== Provided material

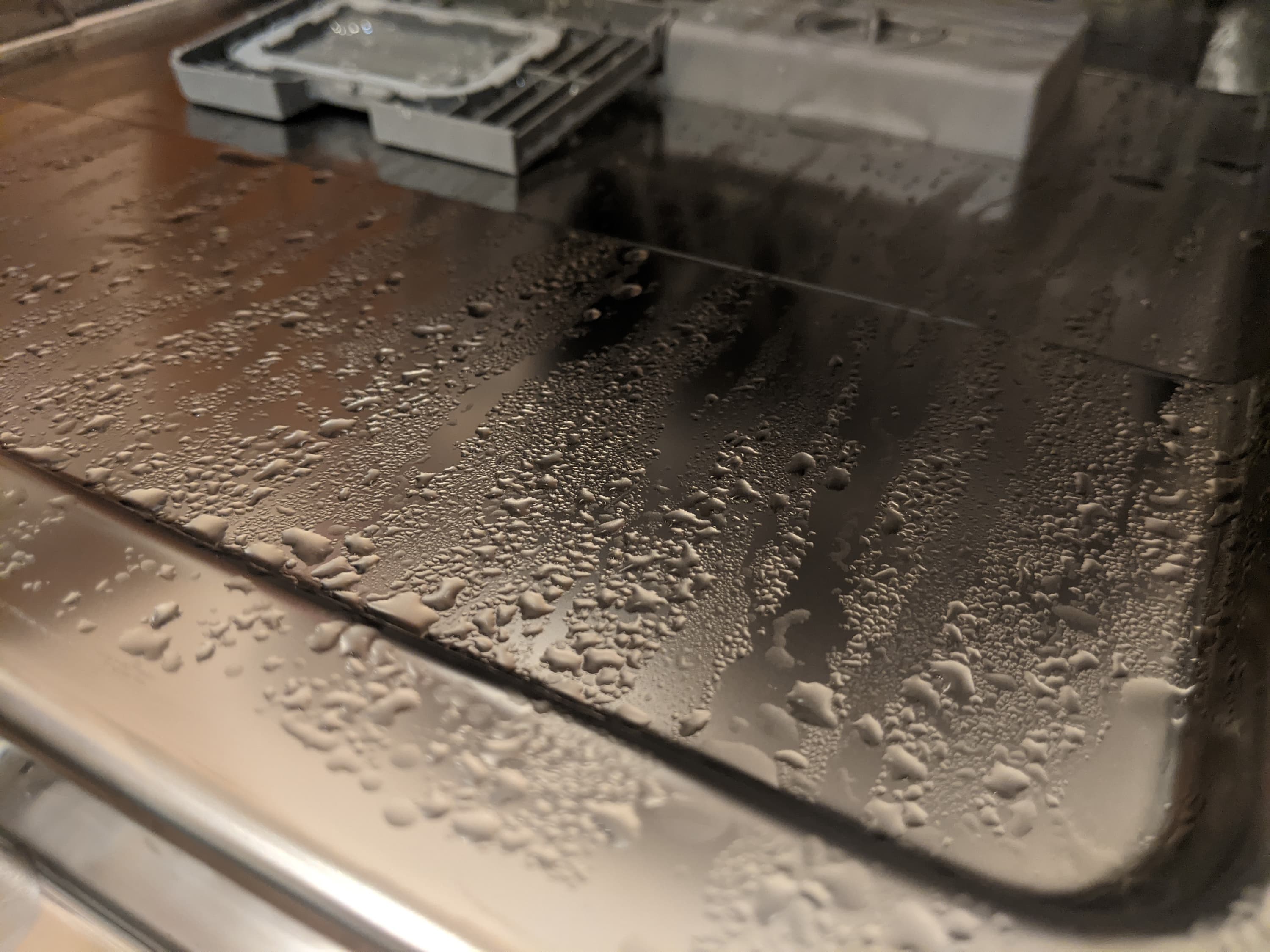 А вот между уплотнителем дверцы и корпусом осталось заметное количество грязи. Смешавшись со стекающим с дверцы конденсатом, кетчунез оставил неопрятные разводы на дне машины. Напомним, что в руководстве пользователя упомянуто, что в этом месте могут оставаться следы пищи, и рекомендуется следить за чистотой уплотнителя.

====
== Provided material

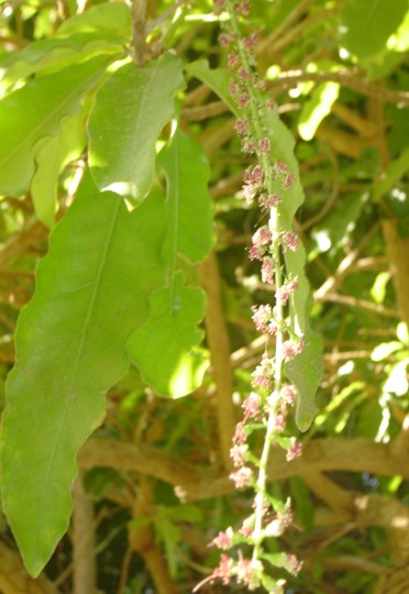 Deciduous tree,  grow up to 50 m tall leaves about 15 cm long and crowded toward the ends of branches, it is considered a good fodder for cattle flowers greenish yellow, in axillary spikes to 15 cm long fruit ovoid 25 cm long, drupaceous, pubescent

====
== Provided material

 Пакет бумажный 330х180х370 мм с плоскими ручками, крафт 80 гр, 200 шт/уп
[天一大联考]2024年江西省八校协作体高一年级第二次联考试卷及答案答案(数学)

====

Work order — Produce a word-for-word copy of everything above from the line holding "Пакет бумажный 330х180х370" down to the line holding "[天一大联考]2024年江西省八校协作体高一年级第二次联考试卷及答案答案(数学)", with both of those lines kept.

Answer to this task —
 Пакет бумажный 330х180х370 мм с плоскими ручками, крафт 80 гр, 200 шт/уп
[天一大联考]2024年江西省八校协作体高一年级第二次联考试卷及答案答案(数学)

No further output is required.